The United States Lifesaving Association estimates that about 80 percent of lifeguard rescues at the country's surf beaches are of people caught in rip currents.
WHEN
10 a.m. to 2 p.m. TOMORROW, Thursday, May 26.
WHERE
Parking lot across from the Beach Chalet, just south of the intersection of Lincoln Ave. and the Great Highway, San Francisco.
WHO
Francis Smith, Ph.D., a recent graduate of the University of California, Berkeley, and an expert on the rip currents at Ocean Beach. With the assistance of Ocean Beach lifeguards, Smith will demonstrate self-rescuing techniques to use if caught in a rip current.
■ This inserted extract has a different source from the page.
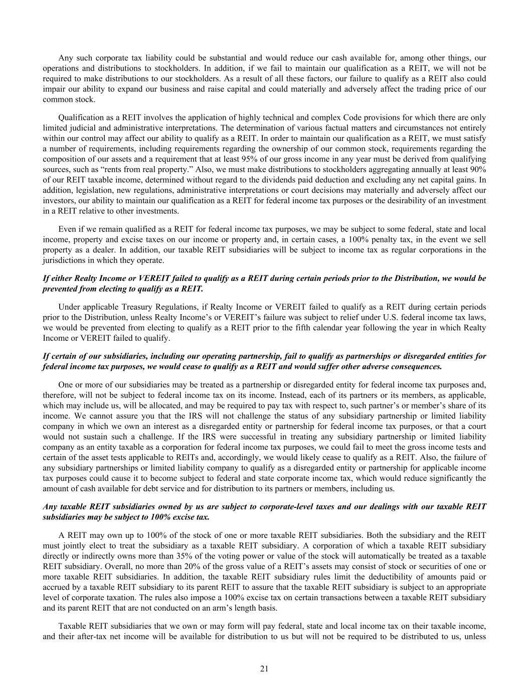 Any such corporate tax liability could be substantial and would reduce our cash available for, among other things, our operations and distributions to stockholders. In addition, if we fail to maintain our qualification as a REIT, we will not be required to make distributions to our stockholders. As a result of all these factors, our failure to qualify as a REIT also could impair our ability to expand our business and raise capital and could materially and adversely affect the trading price of our common stock. Qualification as a REIT involves the application of highly technical and complex Code provisions for which there are only limited judicial and administrative interpretations. The determination of various factual matters and circumstances not entirely within our control may affect our ability to qualify as a REIT. In order to maintain our qualification as a REIT, we must satisfy a number of requirements, including requirements regarding the ownership of our common stock, requirements regarding the composition of our assets and a requirement that at least 95% of our gross income in any year must be derived from qualifying sources, such as “rents from real property.” Also, we must make distributions to stockholders aggregating annually at least 90% of our REIT taxable income, determined without regard to the dividends paid deduction and excluding any net capital gains. In addition, legislation, new regulations, administrative interpretations or court decisions may materially and adversely affect our investors, our ability to maintain our qualification as a REIT for federal income tax purposes or the desirability of an investment in a REIT relative to other investments. Even if we remain qualified as a REIT for federal income tax purposes, we may be subject to some federal, state and local income, property and excise taxes on our income or property and, in certain cases, a 100% penalty tax, in the event we sell property as a dealer. In addition, our taxable REIT subsidiaries will be subject to income tax as regular corporations in the jurisdictions in which they operate. If either Realty Income or VEREIT failed to qualify as a REIT during certain periods prior to the Distribution, we would be prevented from electing to qualify as a REIT. Under applicable Treasury Regulations, if Realty Income or VEREIT failed to qualify as a REIT during certain periods prior to the Distribution, unless Realty Income’s or VEREIT’s failure was subject to relief under U.S. federal income tax laws, we would be prevented from electing to qualify as a REIT prior to the fifth calendar year following the year in which Realty Income or VEREIT failed to qualify. If certain of our subsidiaries, including our operating partnership, fail to qualify as partnerships or disregarded entities for federal income tax purposes, we would cease to qualify as a REIT and would suffer other adverse consequences. One or more of our subsidiaries may be treated as a partnership or disregarded entity for federal income tax purposes and, therefore, will not be subject to federal income tax on its income. Instead, each of its partners or its members, as applicable, which may include us, will be allocated, and may be required to pay tax with respect to, such partner’s or member’s share of its income. We cannot assure you that the IRS will not challenge the status of any subsidiary partnership or limited liability company in which we own an interest as a disregarded entity or partnership for federal income tax purposes, or that a court would not sustain such a challenge. If the IRS were successful in treating any subsidiary partnership or limited liability company as an entity taxable as a corporation for federal income tax purposes, we could fail to meet the gross income tests and certain of the asset tests applicable to REITs and, accordingly, we would likely cease to qualify as a REIT. Also, the failure of any subsidiary partnerships or limited liability company to qualify as a disregarded entity or partnership for applicable income tax purposes could cause it to become subject to federal and state corporate income tax, which would reduce significantly the amount of cash available for debt service and for distribution to its partners or members, including us. Any taxable REIT subsidiaries owned by us are subject to corporate-level taxes and our dealings with our taxable REIT subsidiaries may be subject to 100% excise tax. A REIT may own up to 100% of the stock of one or more taxable REIT subsidiaries. Both the subsidiary and the REIT must jointly elect to treat the subsidiary as a taxable REIT subsidiary. A corporation of which a taxable REIT subsidiary directly or indirectly owns more than 35% of the voting power or value of the stock will automatically be treated as a taxable REIT subsidiary. Overall, no more than 20% of the gross value of a REIT’s assets may consist of stock or securities of one or more taxable REIT subsidiaries. In addition, the taxable REIT subsidiary rules limit the deductibility of amounts paid or accrued by a taxable REIT subsidiary to its parent REIT to assure that the taxable REIT subsidiary is subject to an appropriate level of corporate taxation. The rules also impose a 100% excise tax on certain transactions between a taxable REIT subsidiary and its parent REIT that are not conducted on an arm’s length basis. Taxable REIT subsidiaries that we own or may form will pay federal, state and local income tax on their taxable income, and their after-tax net income will be available for distribution to us but will not be required to be distributed to us, unless 21

He will be joined by Robert Wiegel, professor emeritus of civil engineering at UC Berkeley and a world expert on tsunamis and the properties of ocean waves.
DETAILS
Smith, a coastal oceanographer, has studied rip currents at Ocean Beach for the past eight years, but has had experience with them since he was a teenage surfer in the 1970s and a San Francisco lifeguard in the 1980s. Smith holds this popular briefing periodically to publicize the dangers of rip currents in the hopes of preventing drownings.
Wiegel, Smith's Ph.D. advisor, has been credited with creating the discipline of ocean engineering, with studies on the coastal effects of undersea earthquakes and landslides, coastal erosion, the effects of waves on seawalls and breakwaters and the impact of waves on offshore platforms.